Leveraging Multiple Data Sources with Hierarchical Models

Symposium
ROOM: RSCC, D10
SESSION NUMBER: 8130
 
Hierarchical models generally permit incorporating multiple data sets in a cohesive modeling framework. Integrated population models (IPMs) are a specific type of hierarchical model that use demographic data and abundance data, and have gained momentum from population ecologists. IPMs have now been used in many diverse applications, and more recently, several studies have evaluated their behavior and statistical properties. The first half of this symposium will feature a series of presentations that discuss wildlife case studies that have used IPMs, the added insight these models can provide, as well as simulation-based approaches that provide insight into the behavior of IPMs.   Although IPMs are the most common models that leverage multiple data types, Bayesian hierarchical models generally permit  leveraging multiple data sets. The second half of the symposium will feature presentations on applications using hierarchical models, other than IPMs, that use multiple data sets, and the resulting inference obtained from those models.  Applications include, for example, state-of-the-art developments in spatio-temporal point process models, landscape genetics, and distance sampling.

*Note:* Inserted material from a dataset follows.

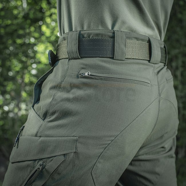 Bequeme, breite Taschen mit verstärkten Einsätzen nehmen das Nötigste auf. Es wurde hochwertiges YKK Zubehör verwendet. Die Hose hat außerdem einen elastischen "Tunnel"-Riemen mit bequemer Passformregulierung und ist so konzipiert, dass sie mit einem bis zu 5.5cm breiten Gürtel getragen werden kann. Auf der Vorderseite befinden sich zwei D-Ringe zum Aufhängen verschiedener Ausrüstung. Der Bund der Hose ist mit einem elastischen Kordelzug und Klettverschluss in der Weite verstellbar.

1:10PM Estimating Juvenile Survival of Emperor Penguins Using Bayesian Integrated Population Modeling
  Fitsum Abadi, Christophe Barbraud, Olivier Gimenez
Survival of immature individuals is an important component of the population dynamics of seabird species. However, obtaining reliable estimates of immature survival remains challenging, as immatures stay at sea and undetectable for several years. We developed a Bayesian integrated population model (IPM) to estimate the survival of juvenile emperor penguins (Aptenodytes forsteri) from long-term capture-recapture data of adults, population count and fecundity data collected at Dumont d’Urville, Antarctica. We also assessed the effects of environmental covariates on juvenile survival using our Bayesian IPM approach. Our findings showed that the posterior mean of juvenile survival was 0.401 (SD = 0.126). The southern annular mode during the rearing period was positively correlated with juvenile survival (ß = 1.639; 95% credible interval: [0.489, 2.664]). Estimating the influence of environmental covariates on immature survival is an important step in understanding the impact of climate change on the population dynamics of emperor penguins and seabirds in general. Our study also demonstrated the potential of IPM in estimating juvenile survival of emperor penguins without direct data on this parameter.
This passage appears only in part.